Venezuela – a country divided

Lilian Tintori, wife of jailed opposition politician Leopoldo Lopez, rejects government’s claims he incited violence.

The government of President Nicolas Maduro with its red-shirted supporters is implementing what it calls its Boliviarian revolution started 15 years ago by Maduro’s predecessor, Hugo Chavez.

It is designed to more equally distribute Venezuela’s vast oil wealth among the country’s many poor.

Opposing the government, is the mostly white-shirted demonstrators who accuse Maduro’s government of corruption, brutality, and wrecking the economy.

It has suffered up until now from fragmented leadership.

Henrique Capriles, a provincial governor, lost his bid for the presidency last year and has been accused by some in his own movement of being too moderate.

No such accusations have been levelled against Leopoldo Lopez, a former mayor and opposition leader.

He was imprisoned last week on charges of inciting the recent violence across Venezuela that has left at least 13 people dead.

His wife, Lilian Tintori, speaking to Al Jazeera, said his imprisonment was politically motivated.

“You’ll remember that in 2008 Leopoldo was prevented from standing by President Chavez as mayor of one of the most important regions of Venezuela,” she said.

“He wasn’t allowed to stand.

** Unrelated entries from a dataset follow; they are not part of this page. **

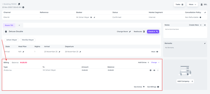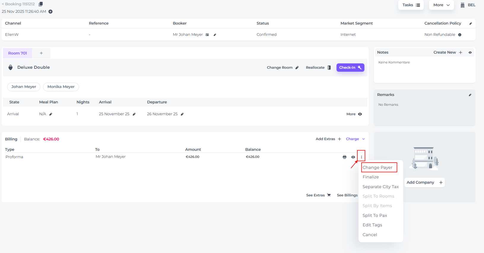 (There will be several payers to choose from, depending on what details are in the booking you will see one or more of the following entities: Guest, Company, Travel Agent.)
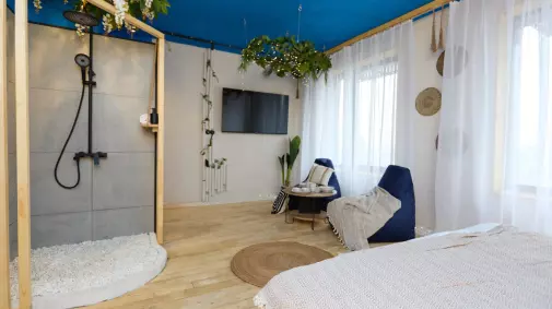ПОЧЕМУ ЭТО ТОП? Дикий интерьер: Натуральное дерево, галька под ногами, живые кактусы, стволы деревьев на потолке и яркие неоновые акценты. Вид, который продаст твой Инстаграм: Закаты над рекой и огни небоскребов — идеальный фон для Reels и TikTok. Пространство для движa: 40 м² чистого стиля. Вместимость до 12−15 человек (идеально для ДР, девичника, съемки клипа или камерной вечеринки). Фишки: Огромный ТВ, деревянная кухня-бар, уникальная световая инсталляция «ствол дерева» и гирлянды, создающие магию ночью .
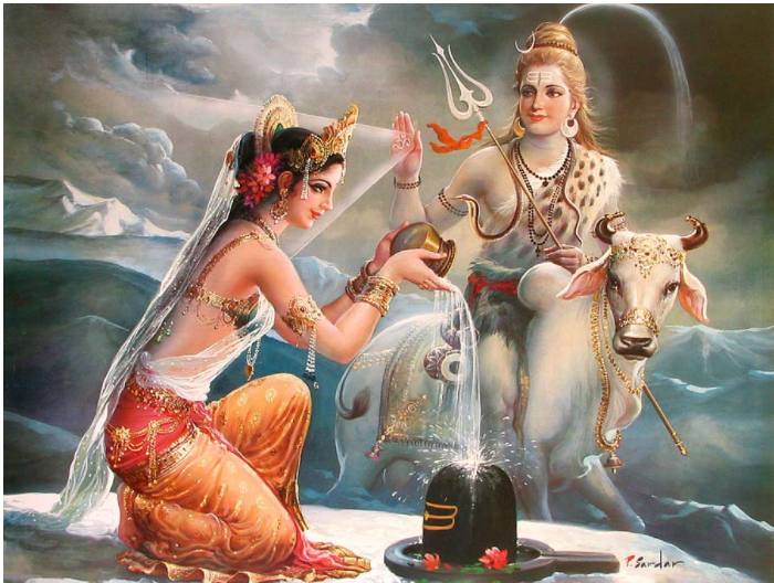 कृताभिषेको गिरिराजपुत्र्या रुद्रस्सनन्दी भगवानिवेशः।।3.16.43।।
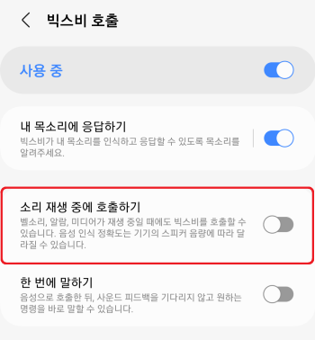 기기 설정 > 애플리케이션 > 빅스비 보이스 > 빅스비 보이스 설정 > 빅스비 호출 > '소리 재생 중에 호출하기' 사용 옵션을 ‘꺼짐’으로 변경해 주세요.

I remember he said to me: ‘This is like being a prisoner. Being prevented from standing is like being a prisoner from life.'”

Country full of fear

With her husband’s imprisonment, Tintori, a 36-year-old former TV presenter, has become a high-profile opposition figure in her own right.

She appeared alongside Capriles at a rally on Saturday with thousands of opposition supporters calling for Lopez’s release.

Only she and her family are allowed to visit him in what she says is a tiny cell where he´s kept isolated from the other prisoners and the outside world.

“Leopoldo was very clear,” she said.

“If him going to jail means that Venezuelans wake up, then it’s worth him going to jail. If it’s days, months, whatever it takes, to make sure that justice is done here.”

Mrs Tintori went on to say that Venezuela is a country full of fear.

“We’re all scared that we’ll be killed or kidnapped. We go to the supermarket and queue for hours to buy supplies which are rationed. You can’t get cooking oil or toilet paper. Sometimes you can’t get meat or chicken.”

President Maduro calls the opposition fascists and says they are supported by the US and neighbouring Colombia to undermine his government.

He blames them for the violence.

Accusations rejected

Tintori angrily denied both the claims made by Maduro.

“The only thing behind the opposition movement is people,” she said.

“People and more people and these are all Venezuelans. The only weapons we’ve got are our hands and legs and we walk, we march peacefully. We don’t have weapons.”

President Maduro has called for dialogue with all sectors of society, while still accusing the opposition of fomenting the violence and being behind what he calls an attempted coup.

Tintori said that even if she were invited, she would not talk to the president.

“We have nothing to discuss with a dictatorial regime,” she said.

“We say that every day we’re living in a dictatorship with all that’s going on. Every day we see more and more and more terrible things.”

The worst of the violence seen in the past few weeks has abated for now. But both sides in this polarised society continue to hurl insults at one another, blame the other for the violence.

The few compromises are made reluctantly. Venezuela is living in very tense times.